3. It is not error to allow the plaintiff to remit an excess of interest found in the verdict, and then affirm the verdict, so amended.

[In error to the district court of the United States for the district of Massachusetts.]

Error to the district court of Massachusetts. An action was brought in the district court, under the thirty-fifth section of the bankrupt act, by [John A.] Loring, as assignee in bankruptcy of one Charles E. Paige, Jr., to recover money alleged to have been paid to the plaintiff in error by the bankrupt, as a fraudulent preference. At the trial in the district court, the verdict was for the assignee [case unreported], and plaintiff in error brought the suit to this court by writ of error.

Edward Avery and George M. Hobbs, for plaintiff in error.

John A. Loring, for defendant in error.

SHEPLEY, Circuit Judge. The principal question presented by the exceptions in this case arises upon the construction given by the court, in the charge to the jury, of the first clause of the thirty-fifth section of the bankrupt act. The defendant asked the court to instruct the jury that, under the first and second counts in the plaintiff's declaration, plaintiff must prove that C. E. Paige, Jr., was insolvent in fact, and that the defendant had reasonable cause to believe him to be so; and that it was not enough for the plaintiff to show under these counts that there was danger of insolvency as a coming result, or likely to ensue, but he must show that C. E. Paige, Jr., was insolvent in fact. Upon this prayer, the court instructed the jury, that, if they found that C. E. Paige, Jr., was insolvent, or contemplated insolvency, and paid debts to his father, and his father, the defendant, had reasonable cause to believe this, and that the son intended thereby to prefer him, the plaintiff could recover. Taken in connection with the request, and with the other portions of the charge, the court substantially instructed the jury that if Paige, Jr., was insolvent, or contemplated insolvency, and paid debts to the defendant, and the defendant had reasonable cause to believe that he was insolvent, or contemplated insolvency, and intended thereby to prefer him in fraud of the act, the plaintiff was entitled to recover.
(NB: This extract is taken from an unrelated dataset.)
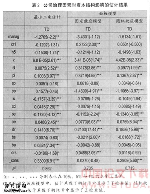 管理者持股比例与总负债率不存在显著关系。这可能是因为我国上市公司管理成持股比例普遍偏 低,样本公司管理层持股比例均值为0.03%。管理层在只拥有极少量股权的情况下,可能会增加负债减少负债的代理成本,也有可能减少负债谋求自身利益最大化,所以管理者持股比例与资本结构选择的关系不明显。

This instruction makes it sufficient that the party receiving the fraudulent preference should have reasonable cause to believe that the debtor was contemplating insolvency. Defendant contends that it is necessary that he should have reasonable cause to believe him to be insolvent in fact, and that reasonable cause to believe him to contemplate insolvency is not sufficient to invalidate the fraudulent preference.
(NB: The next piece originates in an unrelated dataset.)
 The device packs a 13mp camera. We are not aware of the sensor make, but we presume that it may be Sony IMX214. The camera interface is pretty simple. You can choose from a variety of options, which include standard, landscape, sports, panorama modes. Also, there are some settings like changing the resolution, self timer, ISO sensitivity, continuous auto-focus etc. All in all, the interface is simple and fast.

The literal reading of the thirty-fifth section would seem at first to sustain the instruction asked for by the defendant. “If any person being insolvent, or in contemplation of insolvency, within four months before the filing of a petition by or against him, with a view to give a preference to any creditor, or person having a claim against him, &c., … makes any payment, … the person receiving such payment, … having reasonable cause to believe such person is insolvent, and that such attachment, payment, pledge, assignment, or conveyance, is made in fraud of the provisions of this act, the same shall be void, and the assignee may recover the property, or the value of it, from the person so receiving it,” &c. Was it intended by the omission of the words “in contemplation of insolvency,” in the latter part of the section, that property paid by a debtor to his creditor in contemplation of insolvency, and with an intent to give a fraudulent preference, should not be recovered back, when the creditor receiving it had knowledge of all, this, and reasonable cause to believe it, simply because while he had reasonable cause to believe the payment to be made in contemplation of insolvency, he had not reasonable cause to believe the debtor to be insolvent in fact?
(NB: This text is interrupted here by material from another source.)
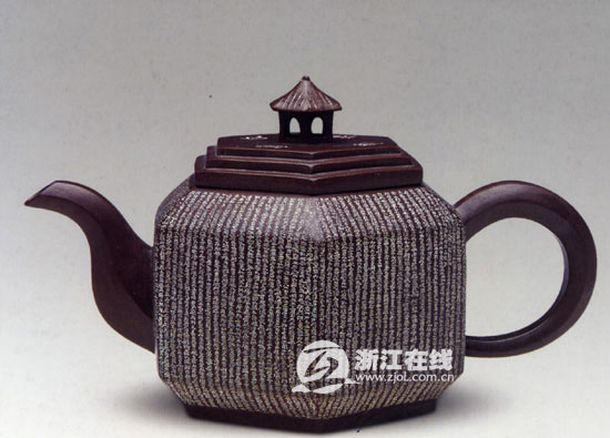 “喏,就是這套雙龍?zhí)崃簤,今年被評(píng)為‘中華民族藝術(shù)珍品’,其實(shí)早在2003年它就成為‘中國(guó)十大紫砂名壺’了。”
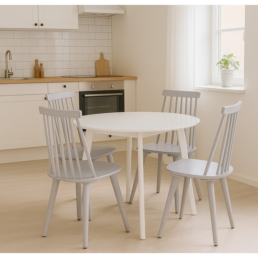Sandhamn spisegruppe; rundt spisebord med 4 grå Dalsland pinnestoler

This construction would not give effect to the manifest intent of the statute, which is expressed by the words “that such attachment, payment, pledge, assignment, or conveyance, is made in fraud of the provisions of this act.” “Contemplation” is not used in this first part of the first clause, in the thirty-fifth section, in the sense of meditation merely. It refers to the condition of a debtor who knows he will be unable to pay his debts as they become due or who does not expect or intend to do so. Contemplating this, the 1004debtor cannot pay one creditor to the exclusion of others, without a fraud upon the bankrupt act. Having reasonable cause to believe that the debtor contemplates this, the creditor cannot receive the payment without the liability to refund it, if the debtor is declared bankrupt, and the assignee brings the action, both within the time limited by the statute. In Gibson v. Warden, 14 Wall. 81 U. S.] 248, the court say, “To bring a case within the first clause, the act must have been done by a person insolvent, or in contemplation of insolvency, with a view to give a preference to a creditor or person having a claim against, or who is under a liability for, the bankrupt; and such person must have reason to believe that the transaction is in fraud of the statute.” This appears to be the true construction of this clause, and it supports the instruction as given by the district judge.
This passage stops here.